▶ _Work request_
The reply should be an exact repeat of the listing, with no pictures in it.

▶ _Data for analysis_
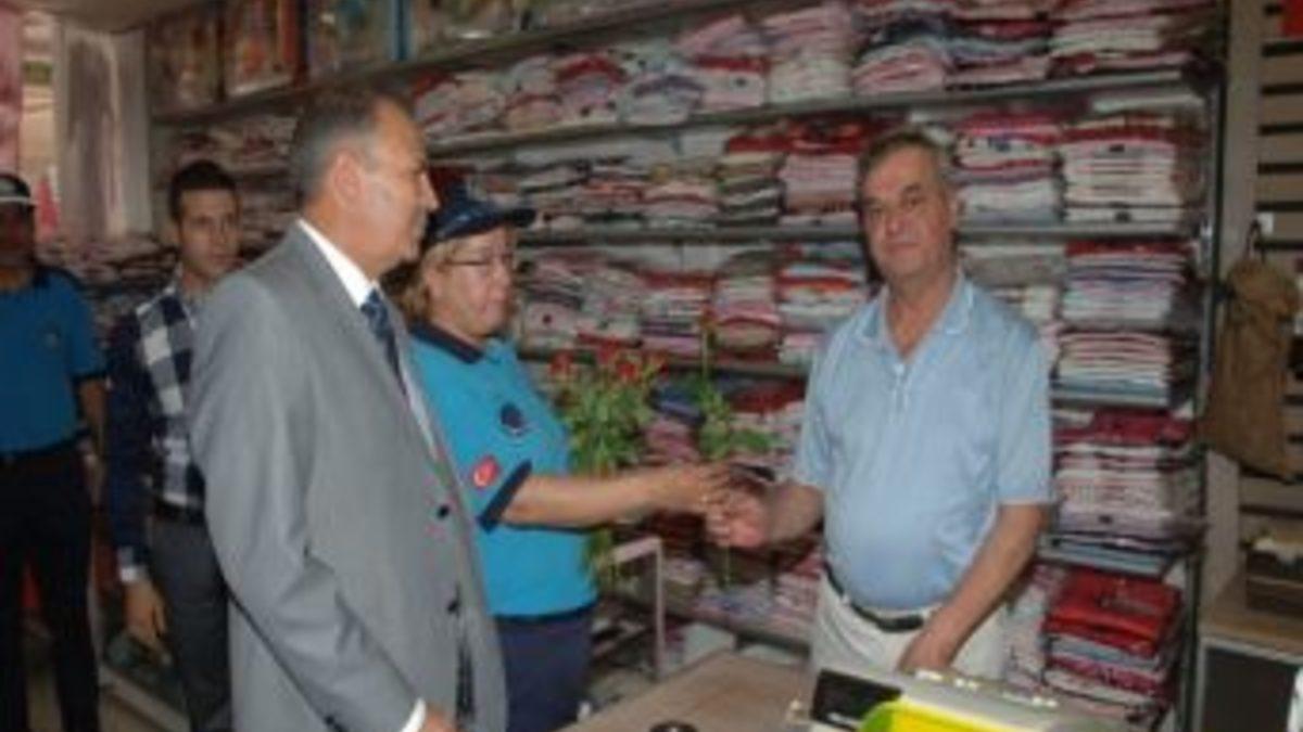 Büyükşehir Belediyesi Zabıta Daire Başkanı Tarık Öncel ve ekibi, Atatürk Anıtı’na çelenk koyup saygı duruşunda bulunduktan sonra vatandaşlara ve esnafa çiçek verdiler.
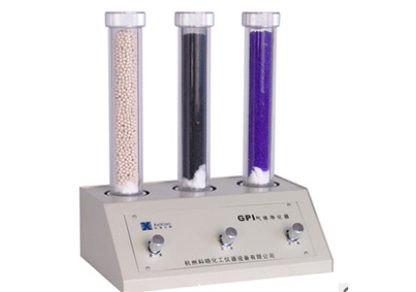 凈化器具有三路獨立的氣路流程,對氣體有害雜質進行針對性的凈化處理。如:脫除水份,可填裝變色分子篩或變色硅膠;脫除烴類(CH2),可填裝活性炭;脫除CO2,可填裝燒堿石棉等。根據不同的要求,還可以將三路串接使用,達到三級深度凈化的要求。
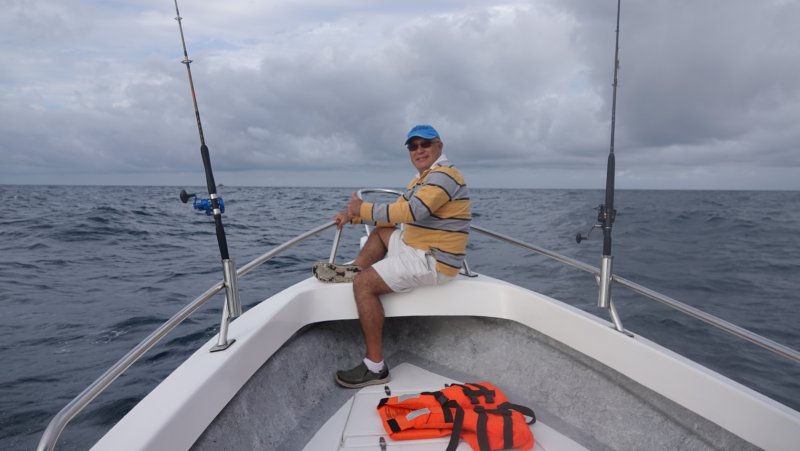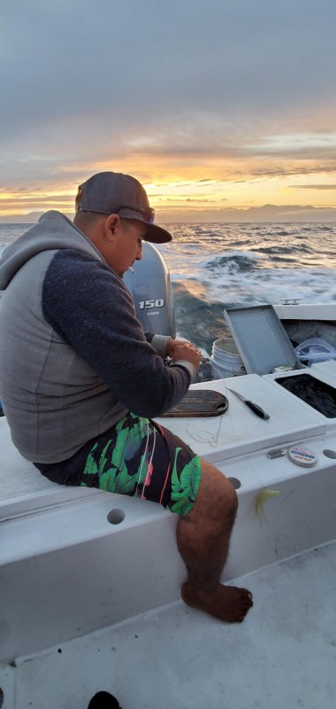Revenons à la pêche. Nous avons pêché à l'aide d'appâts vivants et de Rapala. Toutes nos prises ont été faites sur les appâts vivants.  Nos principales prises furent des Bonitas, Maquereaux et des Toros. Nous nous relayons l'un après l'autre sur les cannes avec appâts pour donner la chance à tous de ramener une prise de choix. Maquereaux et Bonitas sont ramenés à la maison pour consommation et Toros, rejetés à la mer puisqu'ils ne sont pas nécessairement très comestibles.
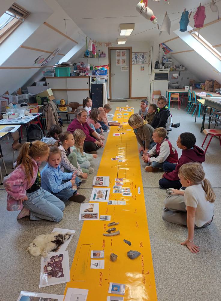 Les élèves de P3/P4 ont participé à un projet PECA sur la ligne du temps. Avec l'aide de Virginie et la visite du Phare, les périodes de l'Histoire n'ont plus de secret pour nous.
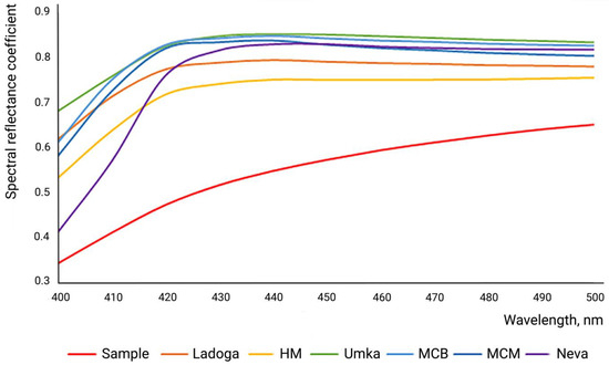 The human eye tends to describe materials with a slightly bluish tint as “whiter”. This is why the compensation of yellowish colors of raw materials with the help of blue colorants or OBAs became a common practice. OBAs absorb the energy of the electromagnetic spectrum in the invisible ultraviolet region and emit it in the visible range of 430–470 nm. As a result, the material appears slightly bluish [26]. Usually, the manufacturer does not indicate whether OBAs have been used in the paperboard composition. This can be determined experimentally by measuring the values of the spectral reflectance at the wavelength 400–500 nm. The spectral curves indicate the absence of OBAs in the composition of materials (Figure 2). Neva demonstrates the sharpest rise at 410–430 nm; however, this sample has the lowest whiteness index in its group (Table 3). The shape of the curves of the other paperboards is smoother; they repeat the pattern of the laboratory sample, though they demonstrate a higher spectral reflectance coefficient.

▶ _Response area_
 Büyükşehir Belediyesi Zabıta Daire Başkanı Tarık Öncel ve ekibi, Atatürk Anıtı’na çelenk koyup saygı duruşunda bulunduktan sonra vatandaşlara ve esnafa çiçek verdiler.
 凈化器具有三路獨立的氣路流程,對氣體有害雜質進行針對性的凈化處理。如:脫除水份,可填裝變色分子篩或變色硅膠;脫除烴類(CH2),可填裝活性炭;脫除CO2,可填裝燒堿石棉等。根據不同的要求,還可以將三路串接使用,達到三級深度凈化的要求。
Revenons à la pêche. Nous avons pêché à l'aide d'appâts vivants et de Rapala. Toutes nos prises ont été faites sur les appâts vivants.  Nos principales prises furent des Bonitas, Maquereaux et des Toros. Nous nous relayons l'un après l'autre sur les cannes avec appâts pour donner la chance à tous de ramener une prise de choix. Maquereaux et Bonitas sont ramenés à la maison pour consommation et Toros, rejetés à la mer puisqu'ils ne sont pas nécessairement très comestibles.
 Les élèves de P3/P4 ont participé à un projet PECA sur la ligne du temps. Avec l'aide de Virginie et la visite du Phare, les périodes de l'Histoire n'ont plus de secret pour nous.
 The human eye tends to describe materials with a slightly bluish tint as “whiter”. This is why the compensation of yellowish colors of raw materials with the help of blue colorants or OBAs became a common practice. OBAs absorb the energy of the electromagnetic spectrum in the invisible ultraviolet region and emit it in the visible range of 430–470 nm. As a result, the material appears slightly bluish [26]. Usually, the manufacturer does not indicate whether OBAs have been used in the paperboard composition. This can be determined experimentally by measuring the values of the spectral reflectance at the wavelength 400–500 nm. The spectral curves indicate the absence of OBAs in the composition of materials (Figure 2). Neva demonstrates the sharpest rise at 410–430 nm; however, this sample has the lowest whiteness index in its group (Table 3). The shape of the curves of the other paperboards is smoother; they repeat the pattern of the laboratory sample, though they demonstrate a higher spectral reflectance coefficient.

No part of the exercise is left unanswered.